_Work required:_ Write the data out again exactly, with every picture removed.

_Information shown:_
────────
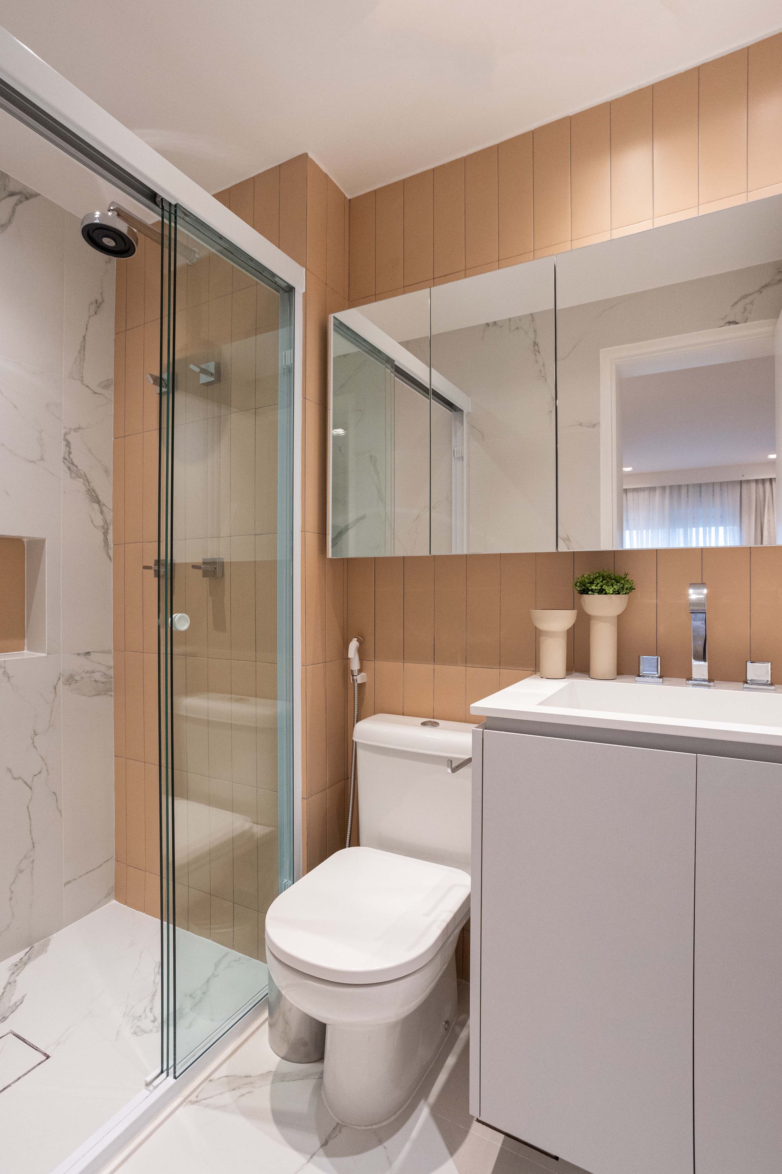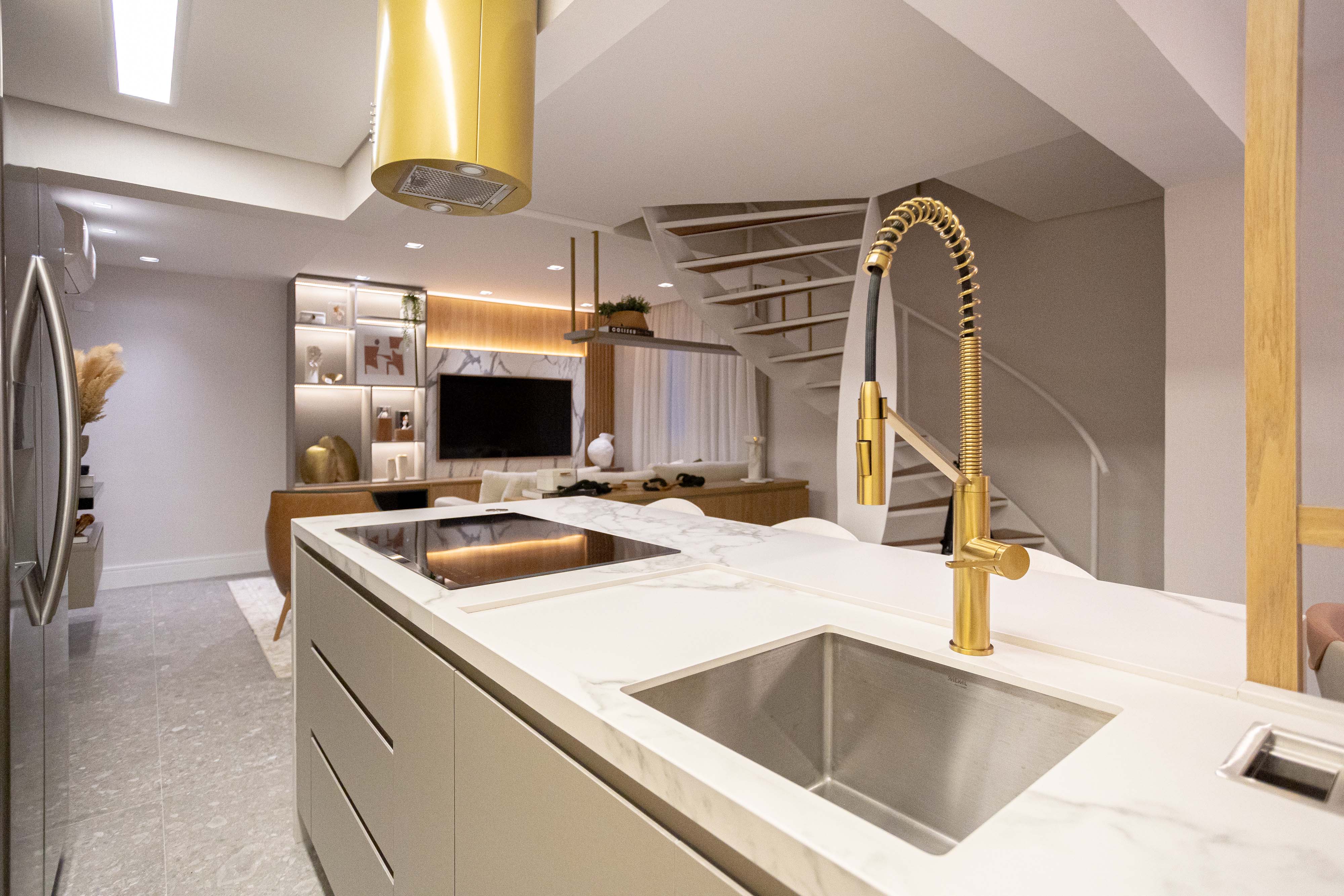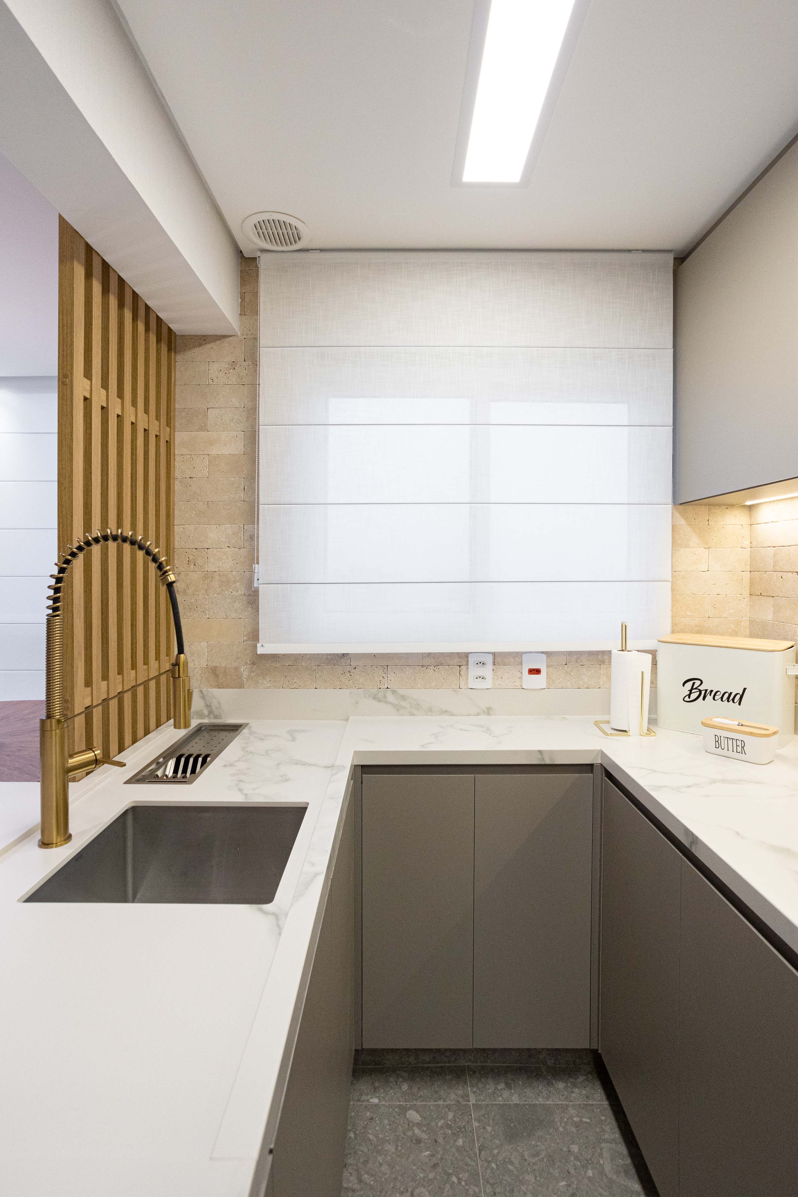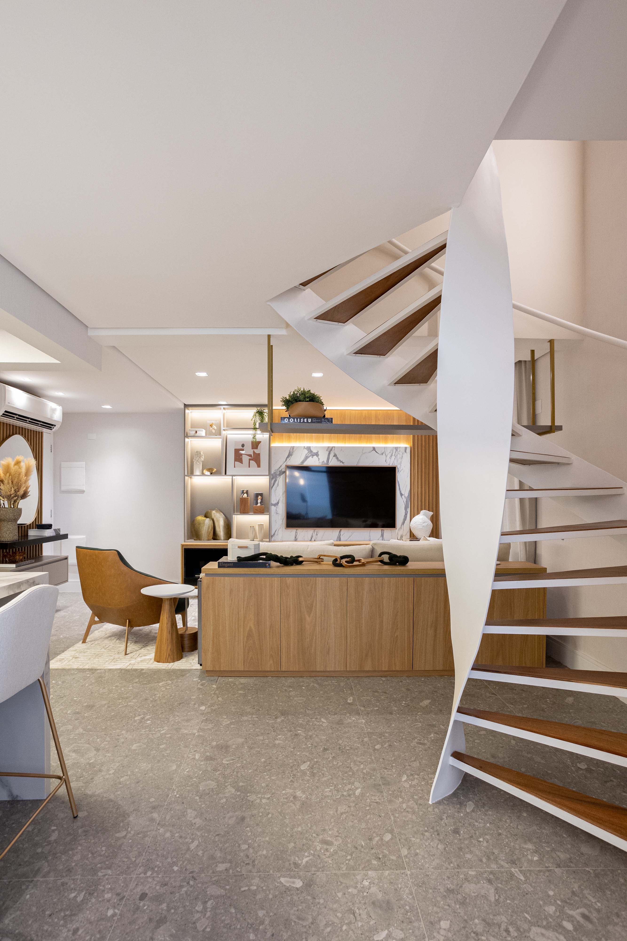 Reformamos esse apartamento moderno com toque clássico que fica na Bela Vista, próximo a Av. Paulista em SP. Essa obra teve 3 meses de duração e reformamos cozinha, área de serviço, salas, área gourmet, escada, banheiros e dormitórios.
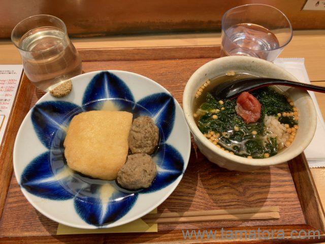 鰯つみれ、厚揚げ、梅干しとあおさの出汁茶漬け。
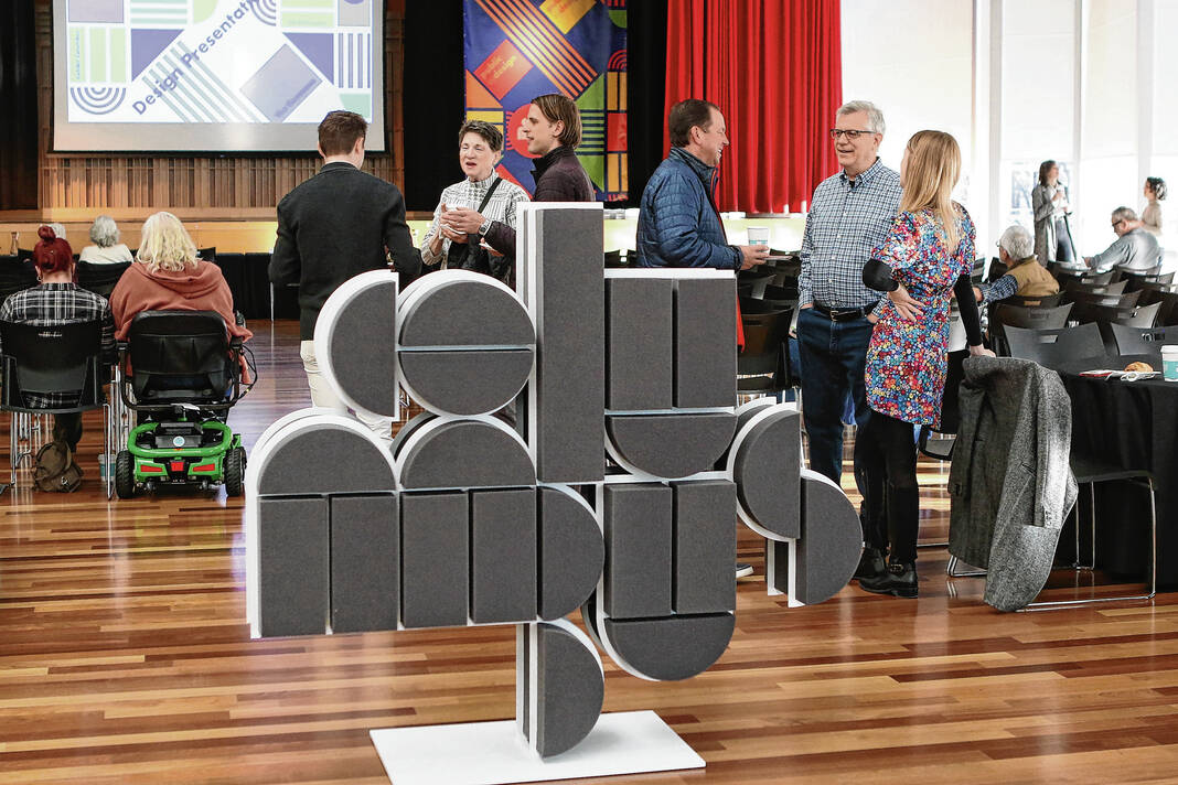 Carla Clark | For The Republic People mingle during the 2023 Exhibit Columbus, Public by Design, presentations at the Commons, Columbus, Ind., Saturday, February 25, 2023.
────────
_Exercise solution:_
 Reformamos esse apartamento moderno com toque clássico que fica na Bela Vista, próximo a Av. Paulista em SP. Essa obra teve 3 meses de duração e reformamos cozinha, área de serviço, salas, área gourmet, escada, banheiros e dormitórios.
 鰯つみれ、厚揚げ、梅干しとあおさの出汁茶漬け。
 Carla Clark | For The Republic People mingle during the 2023 Exhibit Columbus, Public by Design, presentations at the Commons, Columbus, Ind., Saturday, February 25, 2023.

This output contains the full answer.